- Secretary-General: Khalid Omer Yousif
- Founded: 1986
- Ideology: Social democracy
- Political position: Centre-left
- Member of: National Consensus Forces

Website
- sudancongress.com

= Sudanese Congress Party =

Political party in Sudan

The Sudanese Congress Party (SCP or SCoP) is a Sudanese centre-left, social democratic, pro-secular political party created in 1986 as National Congress (unrelated to the National Congress Party) and renamed as the SCP in 2005.

==Creation==
Khalid Omer Yousif, former secretary-general of the Sudanese Congress Party (SCP), describes the origin of the SCP in terms of three events: the 1977 creation of the Congress of Independent Students (CIS) at Khartoum University by students opposed to president Gaafar Nimeiry; the creation in 1986, following the 1985 Sudanese Revolution, of the National Congress political party led by Molana Abdel Majid Imam (unrelated to the Islamist, pan-Arabist National Congress Party); and the renaming of the National Congress to the Sudanese Congress Party in a 2005 conference between National Congress and CIS members and graduates.

==Leadership and structure==
The first head of the SCP was Abdel-Mageed Imam and the second was Ibrahim al-Sheikh.
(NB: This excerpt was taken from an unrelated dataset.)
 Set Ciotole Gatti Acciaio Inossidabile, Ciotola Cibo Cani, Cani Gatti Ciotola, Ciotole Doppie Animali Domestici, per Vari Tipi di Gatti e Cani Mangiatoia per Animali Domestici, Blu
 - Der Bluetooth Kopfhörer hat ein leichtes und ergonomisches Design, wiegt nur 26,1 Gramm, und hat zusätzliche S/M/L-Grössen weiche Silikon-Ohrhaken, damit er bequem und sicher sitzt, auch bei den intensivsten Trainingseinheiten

As of November 2016, Omer al-Digair had been "recently" elected as the third head of the SCP. Abdelmonim Omar was Acting President of the SCP in early December 2012.

==Persecution==
===Al-Bashir presidency===
On 6 July 2015, SCP party members Mastoor Ahmad Mohammed, Asim Omar Hassan and Ibrahim Mohammed Zain were flogged in Omdurman after being sentenced in the Omdurman Criminal Court for their campaigning for a boycoot of the April 2015 Sudanese general election.
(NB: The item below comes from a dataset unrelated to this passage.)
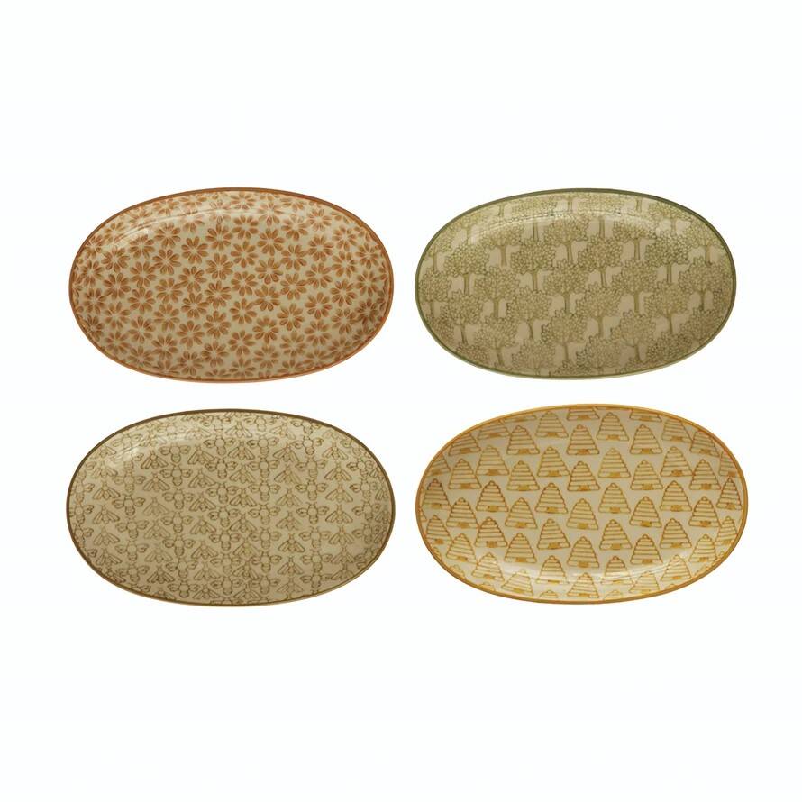8 1/2-Inch x 4 3/4-Inch Stoneware Hand Stamped Pattern Decorative Plate In 4 Assorted Styles

SCP chairman Ibrahim al-Shaikh Abdel Rahman as arrested on 8 June 2014 and detained for 100 days after he publicly criticised the Rapid Support Forces (RSF).

NISS arrested SCP chair Omer al-Digair and seven other key SCP members on the night of 8/9 November 2016, after having arrested 13 other SCP members earlier, who remained in detention. The arrests were carried out in response to "protests and popular activities", according to the SCP.

===Hamdok government===
In late November 2019, the RSF lodged a legal complaint against Hanadi El Siddig, editor-in-chief of the SCP's newspaper, Akhbar El Watan. El Siddig was charged under the Information Crimes Act for a column Without Borders that she wrote. SCP legal coordinator Kamal Mohamed El Amin described the complaint and charges as "tools of the former Al Bashir regime" used to oppose freedom of speech.

==Programmes and actions==
In 2016, the SCP was described by Radio Dabanga as "one of the most active opposition parties in Sudan". In December 2016, the SCP supported a 3-day civil disobedience action against economic austerity measures that caused "huge price hikes". On 15 December 2025, the Sudanese Congress Party expelled Mohamed Hassan Arabi and five other members for signing the charter of the Tasis alliance, with a party spokesperson stating they did not represent the party.

The SCP is a member of the National Consensus Forces.